§ TASK DIRECTIONS: Restate the listing below word for word, omitting any images.

§ RAW DATA:
===============

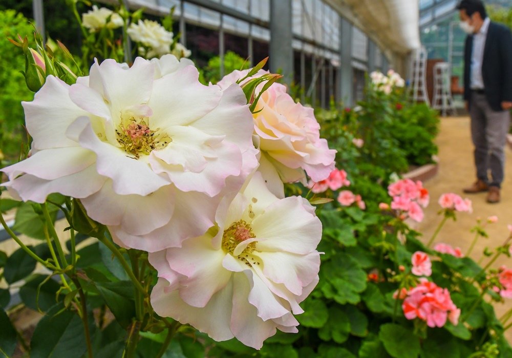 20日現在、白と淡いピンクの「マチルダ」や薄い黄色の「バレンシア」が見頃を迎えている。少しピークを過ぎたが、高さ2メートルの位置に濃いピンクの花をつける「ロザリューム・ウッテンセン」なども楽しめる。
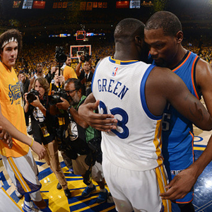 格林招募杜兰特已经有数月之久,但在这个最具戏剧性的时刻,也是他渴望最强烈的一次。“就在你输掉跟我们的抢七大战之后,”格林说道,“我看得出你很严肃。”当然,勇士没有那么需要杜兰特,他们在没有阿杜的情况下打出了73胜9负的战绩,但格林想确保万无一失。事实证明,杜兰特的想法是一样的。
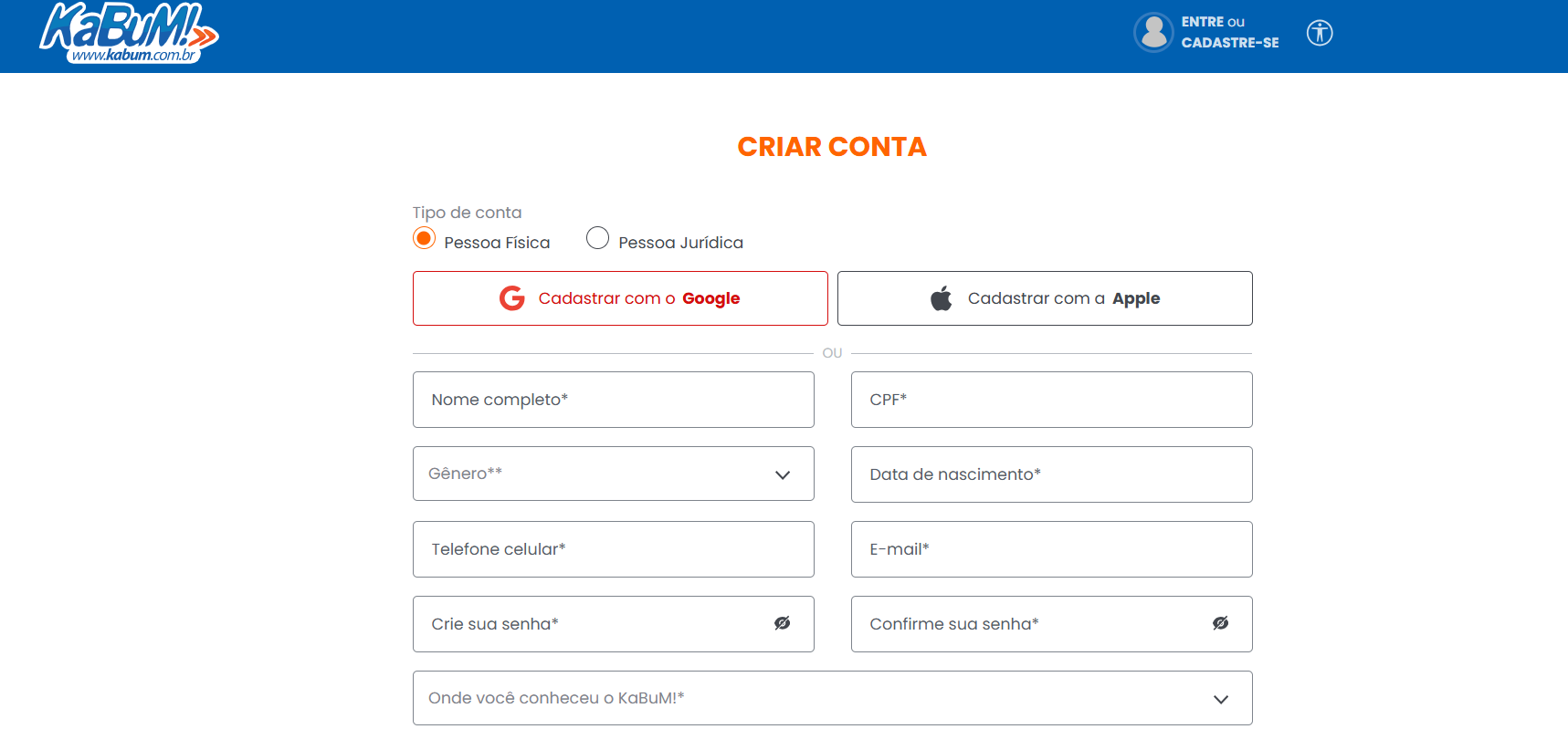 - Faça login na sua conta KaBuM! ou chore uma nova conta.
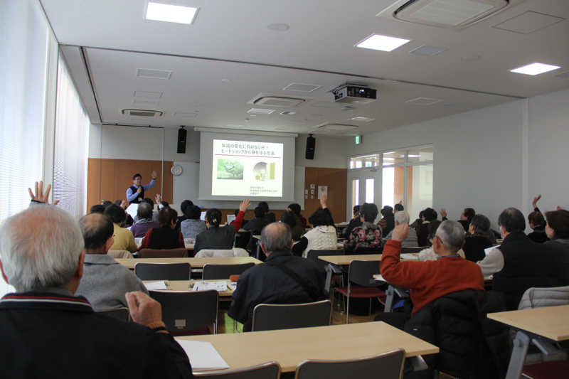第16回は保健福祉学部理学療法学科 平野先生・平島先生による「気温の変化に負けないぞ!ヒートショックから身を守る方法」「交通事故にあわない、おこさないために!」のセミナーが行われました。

===============

§ RESPONSE BOX:
 20日現在、白と淡いピンクの「マチルダ」や薄い黄色の「バレンシア」が見頃を迎えている。少しピークを過ぎたが、高さ2メートルの位置に濃いピンクの花をつける「ロザリューム・ウッテンセン」なども楽しめる。
 格林招募杜兰特已经有数月之久,但在这个最具戏剧性的时刻,也是他渴望最强烈的一次。“就在你输掉跟我们的抢七大战之后,”格林说道,“我看得出你很严肃。”当然,勇士没有那么需要杜兰特,他们在没有阿杜的情况下打出了73胜9负的战绩,但格林想确保万无一失。事实证明,杜兰特的想法是一样的。
 - Faça login na sua conta KaBuM! ou chore uma nova conta.
第16回は保健福祉学部理学療法学科 平野先生・平島先生による「気温の変化に負けないぞ!ヒートショックから身を守る方法」「交通事故にあわない、おこさないために!」のセミナーが行われました。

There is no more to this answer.